Stored data entries

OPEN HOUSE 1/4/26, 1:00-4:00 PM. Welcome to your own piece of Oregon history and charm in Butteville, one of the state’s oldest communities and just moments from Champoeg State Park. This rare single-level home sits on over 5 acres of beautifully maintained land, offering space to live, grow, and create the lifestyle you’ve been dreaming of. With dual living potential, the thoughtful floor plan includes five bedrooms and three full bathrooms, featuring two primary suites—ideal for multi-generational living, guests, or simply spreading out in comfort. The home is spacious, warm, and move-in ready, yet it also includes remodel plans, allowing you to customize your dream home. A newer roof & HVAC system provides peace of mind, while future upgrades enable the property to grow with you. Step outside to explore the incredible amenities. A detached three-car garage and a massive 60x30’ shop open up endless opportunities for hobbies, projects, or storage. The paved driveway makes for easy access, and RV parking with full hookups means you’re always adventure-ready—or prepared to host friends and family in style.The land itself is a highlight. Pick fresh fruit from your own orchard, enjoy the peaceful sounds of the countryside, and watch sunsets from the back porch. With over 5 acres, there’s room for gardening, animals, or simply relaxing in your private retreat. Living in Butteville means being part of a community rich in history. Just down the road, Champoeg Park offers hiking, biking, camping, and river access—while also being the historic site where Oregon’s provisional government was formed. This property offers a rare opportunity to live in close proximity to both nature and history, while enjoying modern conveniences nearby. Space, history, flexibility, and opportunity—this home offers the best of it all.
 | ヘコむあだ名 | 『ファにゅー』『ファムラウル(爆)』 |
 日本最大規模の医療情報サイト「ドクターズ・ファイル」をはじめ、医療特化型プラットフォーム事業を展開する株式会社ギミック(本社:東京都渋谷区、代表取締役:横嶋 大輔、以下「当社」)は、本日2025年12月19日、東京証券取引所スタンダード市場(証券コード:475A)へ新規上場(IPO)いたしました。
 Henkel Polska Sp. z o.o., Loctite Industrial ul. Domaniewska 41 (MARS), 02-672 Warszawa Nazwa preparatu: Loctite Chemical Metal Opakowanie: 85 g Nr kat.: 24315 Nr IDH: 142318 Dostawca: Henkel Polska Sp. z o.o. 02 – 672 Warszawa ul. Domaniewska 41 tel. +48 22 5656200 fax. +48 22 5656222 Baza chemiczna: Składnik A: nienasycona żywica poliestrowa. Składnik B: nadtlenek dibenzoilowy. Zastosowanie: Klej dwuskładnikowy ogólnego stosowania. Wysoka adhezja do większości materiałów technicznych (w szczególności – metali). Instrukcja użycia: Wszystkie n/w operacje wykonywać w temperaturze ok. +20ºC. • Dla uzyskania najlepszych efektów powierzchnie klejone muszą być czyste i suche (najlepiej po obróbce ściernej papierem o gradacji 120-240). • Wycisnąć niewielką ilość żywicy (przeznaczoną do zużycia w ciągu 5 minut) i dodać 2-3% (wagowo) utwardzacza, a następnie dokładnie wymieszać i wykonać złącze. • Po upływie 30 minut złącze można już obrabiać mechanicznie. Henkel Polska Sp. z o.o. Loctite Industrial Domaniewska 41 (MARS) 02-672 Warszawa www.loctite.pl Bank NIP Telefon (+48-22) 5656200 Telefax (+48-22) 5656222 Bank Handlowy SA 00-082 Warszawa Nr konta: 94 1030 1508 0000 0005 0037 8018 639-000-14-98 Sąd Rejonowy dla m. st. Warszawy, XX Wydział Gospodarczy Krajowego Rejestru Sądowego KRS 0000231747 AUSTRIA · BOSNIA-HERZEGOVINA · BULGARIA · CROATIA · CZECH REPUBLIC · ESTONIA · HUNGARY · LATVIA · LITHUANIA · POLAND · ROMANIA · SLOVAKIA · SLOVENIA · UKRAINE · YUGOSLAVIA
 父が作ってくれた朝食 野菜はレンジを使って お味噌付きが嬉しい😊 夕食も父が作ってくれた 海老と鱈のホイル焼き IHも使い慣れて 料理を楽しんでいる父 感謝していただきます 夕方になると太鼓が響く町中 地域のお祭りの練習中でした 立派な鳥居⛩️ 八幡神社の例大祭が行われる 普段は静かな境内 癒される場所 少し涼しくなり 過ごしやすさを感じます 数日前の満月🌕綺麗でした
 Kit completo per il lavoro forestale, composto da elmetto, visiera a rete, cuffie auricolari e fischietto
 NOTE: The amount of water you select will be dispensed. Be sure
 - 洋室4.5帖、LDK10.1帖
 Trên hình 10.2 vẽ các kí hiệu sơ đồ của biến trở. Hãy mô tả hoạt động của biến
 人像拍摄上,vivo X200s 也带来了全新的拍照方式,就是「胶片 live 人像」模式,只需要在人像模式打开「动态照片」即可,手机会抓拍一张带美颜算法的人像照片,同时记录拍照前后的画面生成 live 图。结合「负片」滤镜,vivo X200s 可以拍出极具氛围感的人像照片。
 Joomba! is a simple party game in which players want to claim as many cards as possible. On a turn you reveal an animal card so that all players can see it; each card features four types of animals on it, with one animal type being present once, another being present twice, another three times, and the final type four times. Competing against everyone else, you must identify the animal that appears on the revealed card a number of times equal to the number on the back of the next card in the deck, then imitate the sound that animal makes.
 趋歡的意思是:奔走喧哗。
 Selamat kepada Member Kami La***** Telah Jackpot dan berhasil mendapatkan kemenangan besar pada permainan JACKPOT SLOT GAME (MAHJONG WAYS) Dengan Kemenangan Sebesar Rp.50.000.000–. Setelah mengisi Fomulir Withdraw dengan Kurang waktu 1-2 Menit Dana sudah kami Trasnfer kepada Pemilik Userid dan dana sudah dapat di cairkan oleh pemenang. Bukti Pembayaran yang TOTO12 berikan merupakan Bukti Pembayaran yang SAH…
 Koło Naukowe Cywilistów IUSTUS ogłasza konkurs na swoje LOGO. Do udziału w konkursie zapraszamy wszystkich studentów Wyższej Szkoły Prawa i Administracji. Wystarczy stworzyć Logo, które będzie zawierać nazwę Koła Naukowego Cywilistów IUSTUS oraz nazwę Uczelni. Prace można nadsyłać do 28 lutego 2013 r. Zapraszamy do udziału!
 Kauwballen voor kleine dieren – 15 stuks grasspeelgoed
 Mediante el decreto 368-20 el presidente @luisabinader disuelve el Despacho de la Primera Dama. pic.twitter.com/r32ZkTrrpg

• TASK GOAL:
A verbatim reproduction of all the records above is the expected answer.

• ANSWER TO THIS PROBLEM:
OPEN HOUSE 1/4/26, 1:00-4:00 PM. Welcome to your own piece of Oregon history and charm in Butteville, one of the state’s oldest communities and just moments from Champoeg State Park. This rare single-level home sits on over 5 acres of beautifully maintained land, offering space to live, grow, and create the lifestyle you’ve been dreaming of. With dual living potential, the thoughtful floor plan includes five bedrooms and three full bathrooms, featuring two primary suites—ideal for multi-generational living, guests, or simply spreading out in comfort. The home is spacious, warm, and move-in ready, yet it also includes remodel plans, allowing you to customize your dream home. A newer roof & HVAC system provides peace of mind, while future upgrades enable the property to grow with you. Step outside to explore the incredible amenities. A detached three-car garage and a massive 60x30’ shop open up endless opportunities for hobbies, projects, or storage. The paved driveway makes for easy access, and RV parking with full hookups means you’re always adventure-ready—or prepared to host friends and family in style.The land itself is a highlight. Pick fresh fruit from your own orchard, enjoy the peaceful sounds of the countryside, and watch sunsets from the back porch. With over 5 acres, there’s room for gardening, animals, or simply relaxing in your private retreat. Living in Butteville means being part of a community rich in history. Just down the road, Champoeg Park offers hiking, biking, camping, and river access—while also being the historic site where Oregon’s provisional government was formed. This property offers a rare opportunity to live in close proximity to both nature and history, while enjoying modern conveniences nearby. Space, history, flexibility, and opportunity—this home offers the best of it all.
 | ヘコむあだ名 | 『ファにゅー』『ファムラウル(爆)』 |
 日本最大規模の医療情報サイト「ドクターズ・ファイル」をはじめ、医療特化型プラットフォーム事業を展開する株式会社ギミック(本社:東京都渋谷区、代表取締役:横嶋 大輔、以下「当社」)は、本日2025年12月19日、東京証券取引所スタンダード市場(証券コード:475A)へ新規上場(IPO)いたしました。
 Henkel Polska Sp. z o.o., Loctite Industrial ul. Domaniewska 41 (MARS), 02-672 Warszawa Nazwa preparatu: Loctite Chemical Metal Opakowanie: 85 g Nr kat.: 24315 Nr IDH: 142318 Dostawca: Henkel Polska Sp. z o.o. 02 – 672 Warszawa ul. Domaniewska 41 tel. +48 22 5656200 fax. +48 22 5656222 Baza chemiczna: Składnik A: nienasycona żywica poliestrowa. Składnik B: nadtlenek dibenzoilowy. Zastosowanie: Klej dwuskładnikowy ogólnego stosowania. Wysoka adhezja do większości materiałów technicznych (w szczególności – metali). Instrukcja użycia: Wszystkie n/w operacje wykonywać w temperaturze ok. +20ºC. • Dla uzyskania najlepszych efektów powierzchnie klejone muszą być czyste i suche (najlepiej po obróbce ściernej papierem o gradacji 120-240). • Wycisnąć niewielką ilość żywicy (przeznaczoną do zużycia w ciągu 5 minut) i dodać 2-3% (wagowo) utwardzacza, a następnie dokładnie wymieszać i wykonać złącze. • Po upływie 30 minut złącze można już obrabiać mechanicznie. Henkel Polska Sp. z o.o. Loctite Industrial Domaniewska 41 (MARS) 02-672 Warszawa www.loctite.pl Bank NIP Telefon (+48-22) 5656200 Telefax (+48-22) 5656222 Bank Handlowy SA 00-082 Warszawa Nr konta: 94 1030 1508 0000 0005 0037 8018 639-000-14-98 Sąd Rejonowy dla m. st. Warszawy, XX Wydział Gospodarczy Krajowego Rejestru Sądowego KRS 0000231747 AUSTRIA · BOSNIA-HERZEGOVINA · BULGARIA · CROATIA · CZECH REPUBLIC · ESTONIA · HUNGARY · LATVIA · LITHUANIA · POLAND · ROMANIA · SLOVAKIA · SLOVENIA · UKRAINE · YUGOSLAVIA
 父が作ってくれた朝食 野菜はレンジを使って お味噌付きが嬉しい😊 夕食も父が作ってくれた 海老と鱈のホイル焼き IHも使い慣れて 料理を楽しんでいる父 感謝していただきます 夕方になると太鼓が響く町中 地域のお祭りの練習中でした 立派な鳥居⛩️ 八幡神社の例大祭が行われる 普段は静かな境内 癒される場所 少し涼しくなり 過ごしやすさを感じます 数日前の満月🌕綺麗でした
 Kit completo per il lavoro forestale, composto da elmetto, visiera a rete, cuffie auricolari e fischietto
 NOTE: The amount of water you select will be dispensed. Be sure
 - 洋室4.5帖、LDK10.1帖
 Trên hình 10.2 vẽ các kí hiệu sơ đồ của biến trở. Hãy mô tả hoạt động của biến
 人像拍摄上,vivo X200s 也带来了全新的拍照方式,就是「胶片 live 人像」模式,只需要在人像模式打开「动态照片」即可,手机会抓拍一张带美颜算法的人像照片,同时记录拍照前后的画面生成 live 图。结合「负片」滤镜,vivo X200s 可以拍出极具氛围感的人像照片。
 Joomba! is a simple party game in which players want to claim as many cards as possible. On a turn you reveal an animal card so that all players can see it; each card features four types of animals on it, with one animal type being present once, another being present twice, another three times, and the final type four times. Competing against everyone else, you must identify the animal that appears on the revealed card a number of times equal to the number on the back of the next card in the deck, then imitate the sound that animal makes.
 趋歡的意思是:奔走喧哗。
 Selamat kepada Member Kami La***** Telah Jackpot dan berhasil mendapatkan kemenangan besar pada permainan JACKPOT SLOT GAME (MAHJONG WAYS) Dengan Kemenangan Sebesar Rp.50.000.000–. Setelah mengisi Fomulir Withdraw dengan Kurang waktu 1-2 Menit Dana sudah kami Trasnfer kepada Pemilik Userid dan dana sudah dapat di cairkan oleh pemenang. Bukti Pembayaran yang TOTO12 berikan merupakan Bukti Pembayaran yang SAH…
 Koło Naukowe Cywilistów IUSTUS ogłasza konkurs na swoje LOGO. Do udziału w konkursie zapraszamy wszystkich studentów Wyższej Szkoły Prawa i Administracji. Wystarczy stworzyć Logo, które będzie zawierać nazwę Koła Naukowego Cywilistów IUSTUS oraz nazwę Uczelni. Prace można nadsyłać do 28 lutego 2013 r. Zapraszamy do udziału!
 Kauwballen voor kleine dieren – 15 stuks grasspeelgoed
 Mediante el decreto 368-20 el presidente @luisabinader disuelve el Despacho de la Primera Dama. pic.twitter.com/r32ZkTrrpg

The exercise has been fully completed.